Records from a dataset
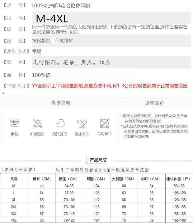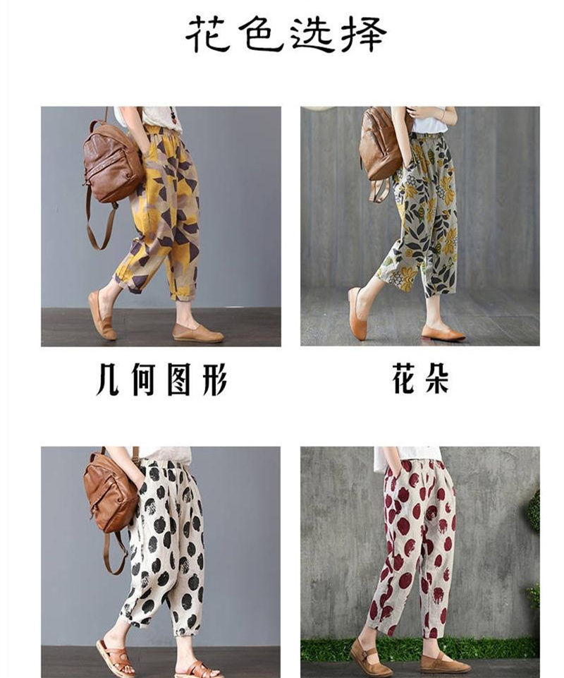 商品名稱:【100%】棉【好質(zhì)量】文藝哈倫褲2019新款夏季女褲印花九分休閑褲
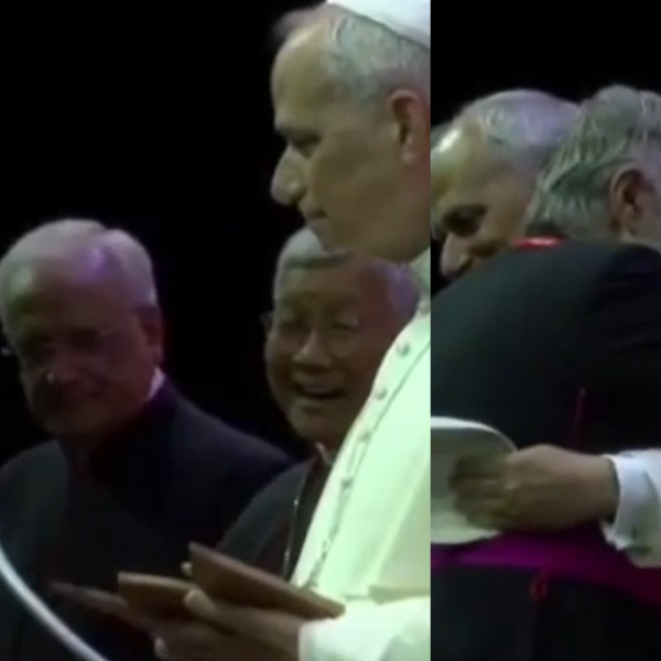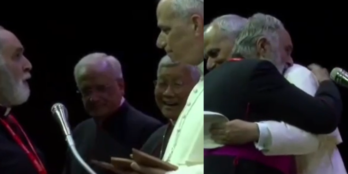 Pero el momento más emotivo vino después, cuando el sacerdote pidió un abrazo, y el Papa no lo dudó, bajó del escenario y se fundieron en un fuerte abrazo, entre palmadas afectuosas y aplausos del público, está escena fue captada por Vatican Media y rápidamente se volvió viral por su sencillez y humanidad.
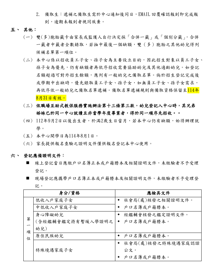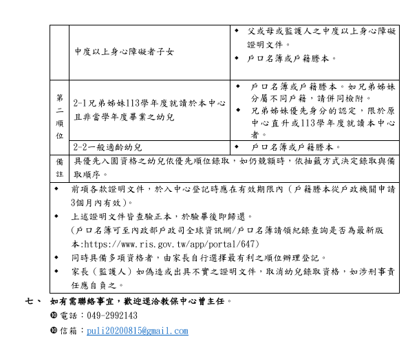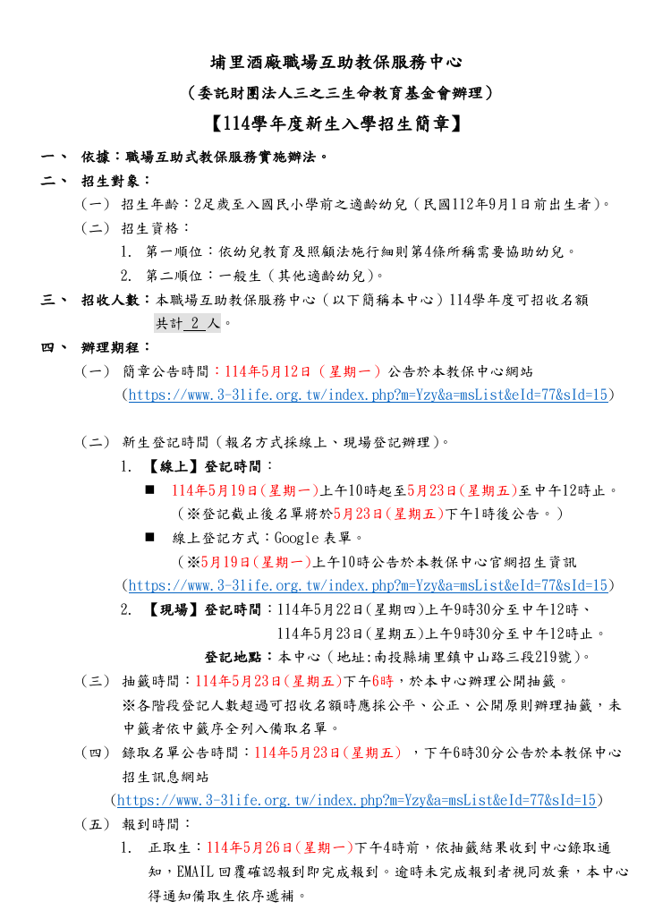♦♦♦本中心優先招收埔里酒廠所屬各機構員工子女、孫子女♦♦♦
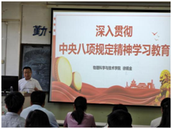 5月20日下午,新能源系教工黨支部在7JB402教室開展主題黨日活動,學(xué)院黨委副書記、院長徐錫金以“深入貫徹中央八項(xiàng)規(guī)定精神學(xué)習(xí)教育”為主題講授黨課。
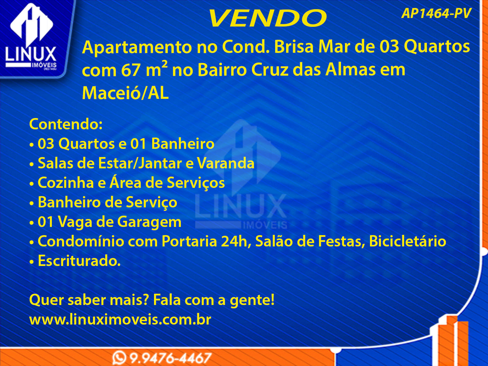 Apartamento no Cond. Brisa Mar em Maceió/AL à Venda (AP1464-PV)
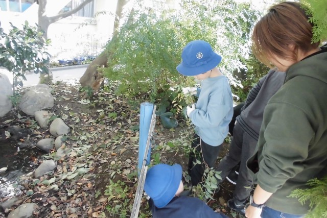 等々力小学校には、立派なビオトープの池が2つあります。ビオトープギルドさんに講師として来校いただき、ビオトープを題材にした、理科の学習の続きを行いました。今日は、夏の間に植物が大きく成長し、ビオトープの池に光が入らなくなってきたので、その周辺のヤブカラシなどの植物を間引きしました。これまらも観察や体験を続け、自然環境についての理解を深めていきます。ビオトープギルドの皆様ありがとうございました。
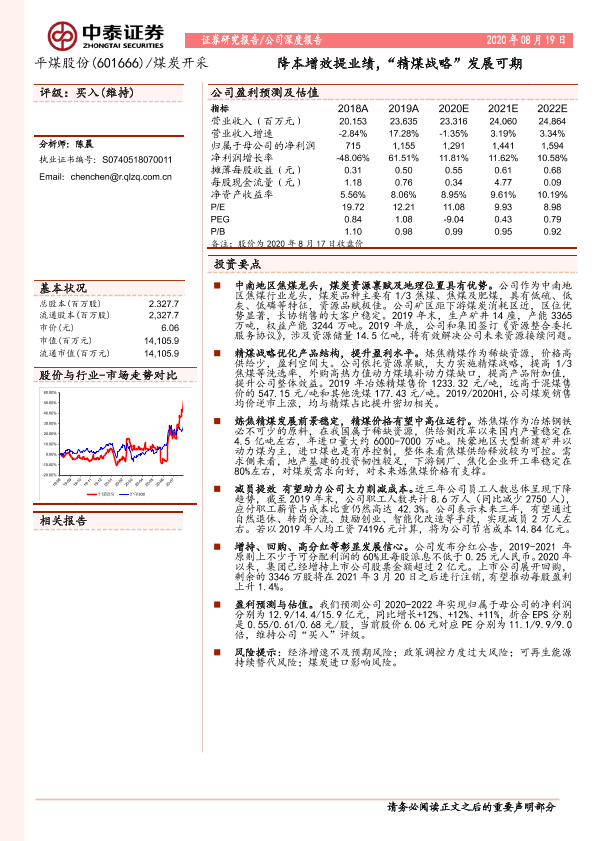 【中泰证券】【20200819】降本增效提业绩,“精煤战略”发展可期-28页

■ **Problem statement**:
Only the records, copied exactly and without pictures, should make up the answer.

■ **Solution to this exercise**:
 商品名稱:【100%】棉【好質(zhì)量】文藝哈倫褲2019新款夏季女褲印花九分休閑褲
 Pero el momento más emotivo vino después, cuando el sacerdote pidió un abrazo, y el Papa no lo dudó, bajó del escenario y se fundieron en un fuerte abrazo, entre palmadas afectuosas y aplausos del público, está escena fue captada por Vatican Media y rápidamente se volvió viral por su sencillez y humanidad.
♦♦♦本中心優先招收埔里酒廠所屬各機構員工子女、孫子女♦♦♦
 5月20日下午,新能源系教工黨支部在7JB402教室開展主題黨日活動,學(xué)院黨委副書記、院長徐錫金以“深入貫徹中央八項(xiàng)規(guī)定精神學(xué)習(xí)教育”為主題講授黨課。
 Apartamento no Cond. Brisa Mar em Maceió/AL à Venda (AP1464-PV)
 等々力小学校には、立派なビオトープの池が2つあります。ビオトープギルドさんに講師として来校いただき、ビオトープを題材にした、理科の学習の続きを行いました。今日は、夏の間に植物が大きく成長し、ビオトープの池に光が入らなくなってきたので、その周辺のヤブカラシなどの植物を間引きしました。これまらも観察や体験を続け、自然環境についての理解を深めていきます。ビオトープギルドの皆様ありがとうございました。
 【中泰证券】【20200819】降本增效提业绩,“精煤战略”发展可期-28页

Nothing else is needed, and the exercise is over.